A produção vem dando tão certo, que um agricultor da comunidade, Valdiram Anchieta Costa, desenvolveu até um moinho elétrico para ajudar no beneficiamento do milho. Enquanto no equipamento manual eram gastos dez minutos para produzir um quilo de milho moído, a versão elétrica permite moer até vinte quilos em uma hora. O agricultor Valdiram Anchieta Costa desenvolveu um moinho elétrico para ajudar a beneficiar o milho cultivado pela comunidade de Macambira, em Ribera do Pombal. Segundo o técnico agrícola Lucelio Bastos, o equipamento dá agilidade ao processo.  (Foto: Georgina Maynart/ CORREIO) “Foi montada uma espécie de mesa de apoio para o antigo moinho manual.

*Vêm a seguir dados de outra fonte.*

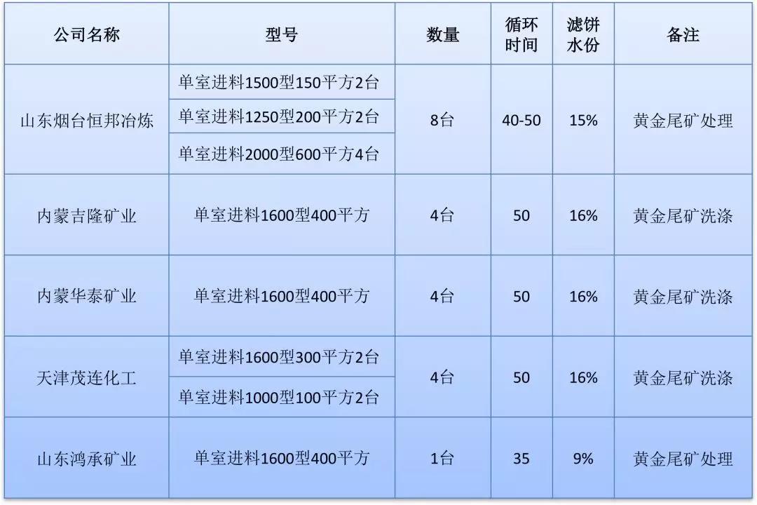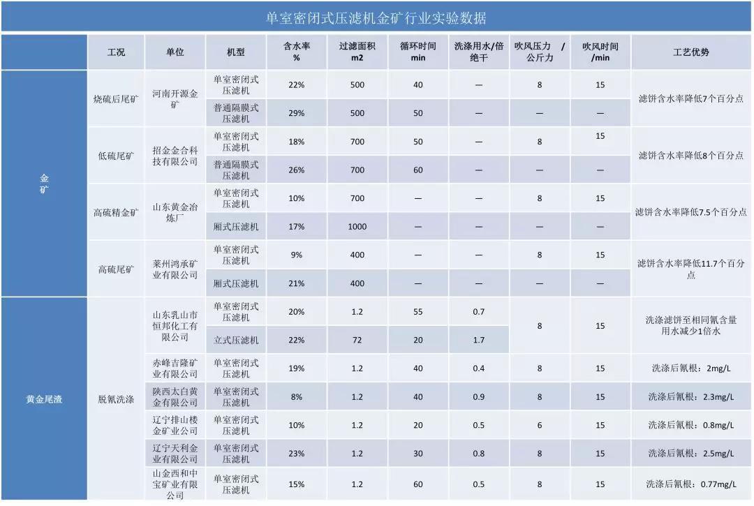 單室進(jìn)料壓濾機(jī)金礦行業(yè)實(shí)驗(yàn)數(shù)據(jù)
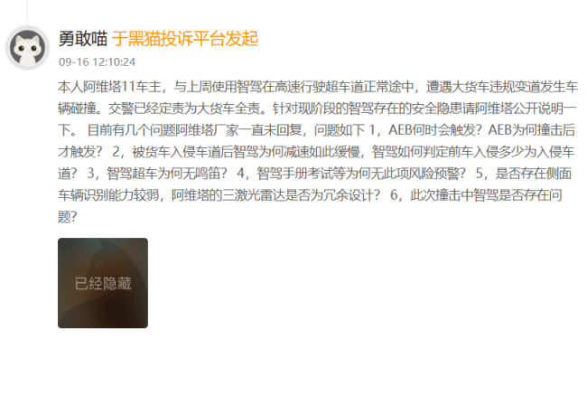 9月16日,一阿维塔11车主投诉称,使用智驾在高速行驶超车道正常途中,遭遇大货车违规变道发生车辆碰撞。其质疑,AEB何时会触发?AEB为何撞击后才触发?被货车入侵车道后智驾为何减速如此缓慢,智驾如何判定前车入侵多少为入侵车道?智驾超车为何无鸣笛?智驾手册考试等为何无此项风险预警……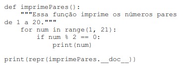 A execução desse código imprimirá a docstring da função 𝚒𝚖𝚙𝚛𝚒𝚖𝚎𝙿𝚊𝚛𝚎𝚜(), apresentada a seguir.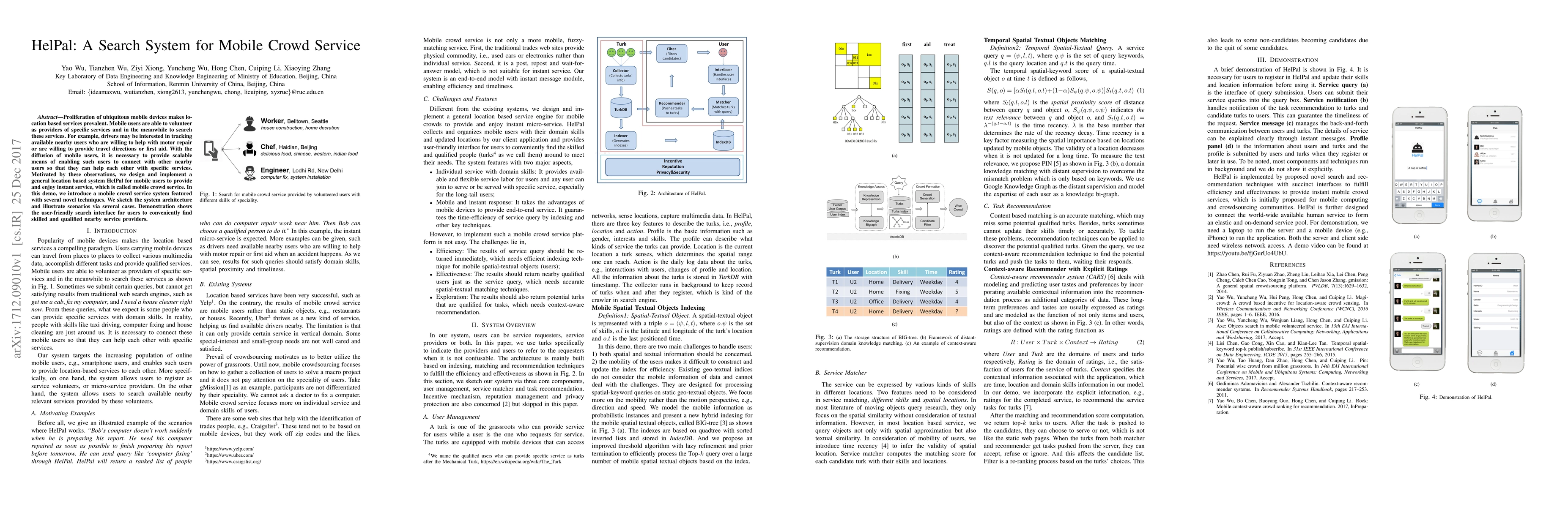 HelPal is a scalable location-based system designed to connect mobile users who can provide or search for specific services, such as motor repair, travel directions, and first aid. The system features a user-friendly search interface to facilitate the discovery of qualified nearby service providers.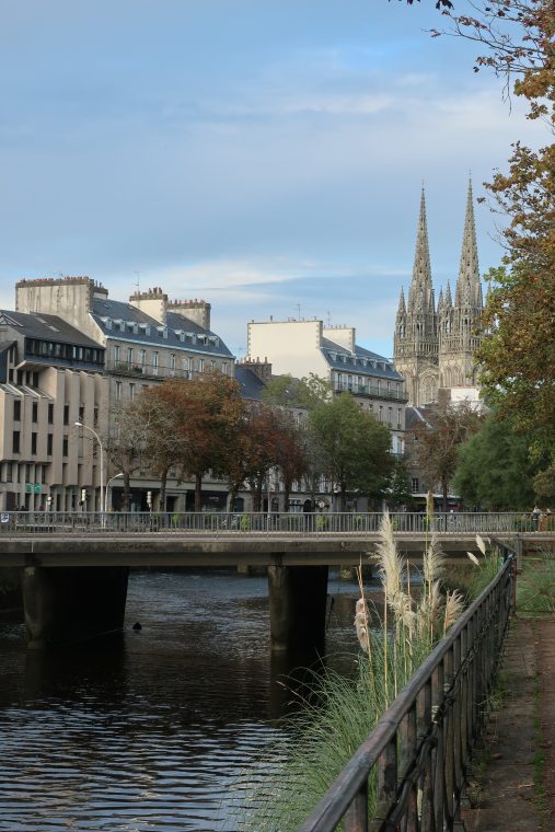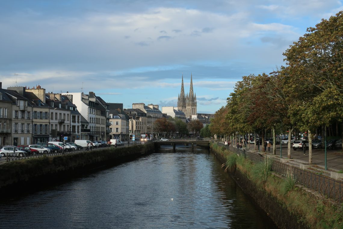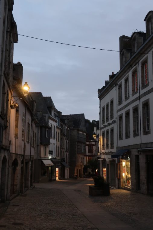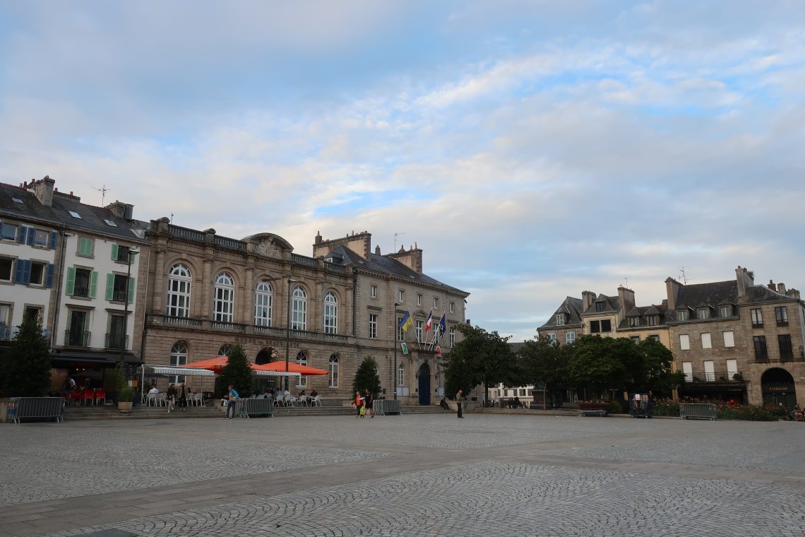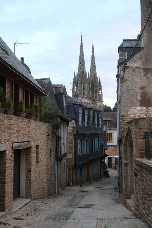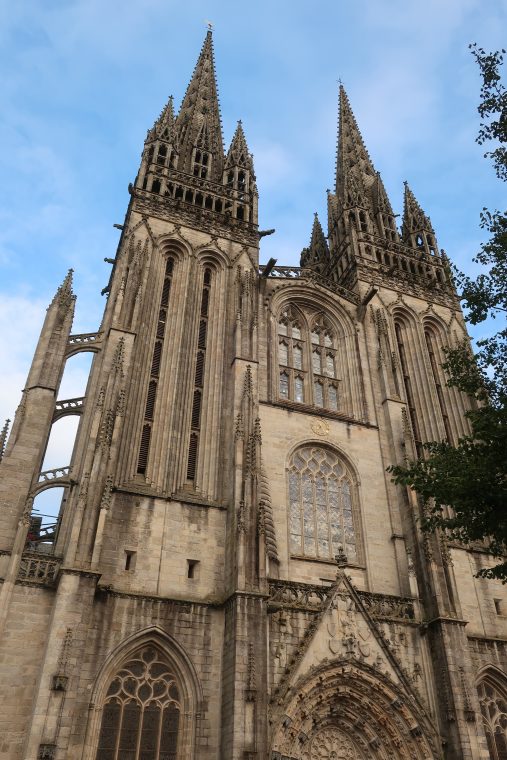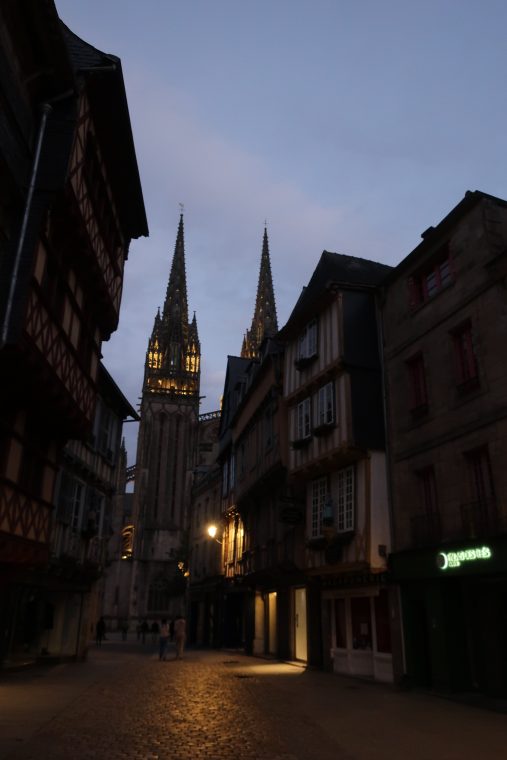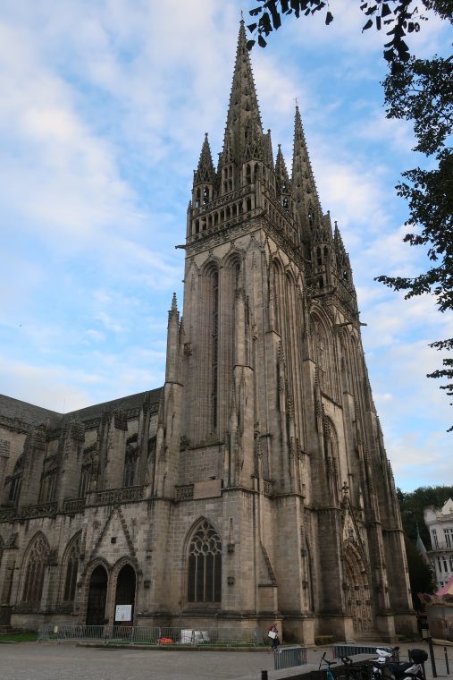 Abends sind wir in Quimper. Die Kathedrale beeindruckt mit ihrer Größe. Hier war früher einmal ein Bischofssitz. Es ist Messe als wir kommen, festlich mit Fahnen. Am Ende der Messe stellen sich Pfarrer – und ein Bischof – vor der Tür auf und verabschieden die Kirchgänger mit Handschlag. Zudem spielt ein Dudelsack auf. Die Glocken läuten. Die meisten Kirchenbesucher sind passend dem Anlass schick gekleidet.

Tem um motor de meio cavalo, de baixa rotação, e também uma corrente de moto reaproveitada para fazer tudo funcionar. A massa moída já cai em uma vasilha”, conta o técnico agrícola e primo do agricultor, Lucélio Bastos.

A produção ainda é artesanal, mas a máquina adaptada vem fazendo sucesso. Já foram comercializadas cerca de 10 unidades, com preço médio de R$ 1.200 reais. Já o milho orgânico produzido pela comunidade vem sendo utilizado em pratos como cuscuz e bolos, e está sendo comercializado por encomenda, ou na feira agroecológica do município. 

Ameaça

Mas nem tudo brilha no mundo do milho. Um estudo divulgado este mês revelou que a proliferação de pragas nas lavouras pode reduzir a produtividade e aumentar os preços de produtos como farinha de milho, fubá, carnes de suínos, frangos, ovos e leite. A pesquisa chama a atenção para necessidade de monitoramento constante das lavouras.

A ameaça mais perigosa é a lagarta Spodoptera. Ela seria capaz de reduzir em 40% a produção brasileira e aumentar em 13,6% os preços do milho. Entre os derivados, as elevações nos preços podem variar de 4,4% no caso do leite, até 5,0% no caso do fubá de milho.  Estudo aponta impacto das pragas sobre preço final da matéria prima e dos derivados do milho no Brasil (Foto:Georgina Maynart/ CORREIO) O estudo foi divulgado pelo Centro de Estudos Avançados em Economia Aplicada (Cepea) da Universidade Luiz de Queiroz/USP, em parceria com a Associação Nacional de Defesa Vegetal (Andef). O levantamento traz ainda projeções dos impactos que podem ser provocados por outras pragas, como os percevejos e a cigarrinha do milho. 

“Perdas agrícolas causadas pelo não tratamento de pragas e doenças na cultura do milho trariam impactos relevantes nos aumentos dos preços disponíveis aos consumidores, penalizando toda a sociedade com maiores taxas de inflação de alimentos. Claramente, o desempenho das safras agrícolas impacta toda a sociedade, via acesso a alimentos para a população, em termos de preços, principalmente às categorias de renda mais baixa, para as quais os alimentos respondem pela maior parcela de seu orçamento familiar”, conclui a pesquisa.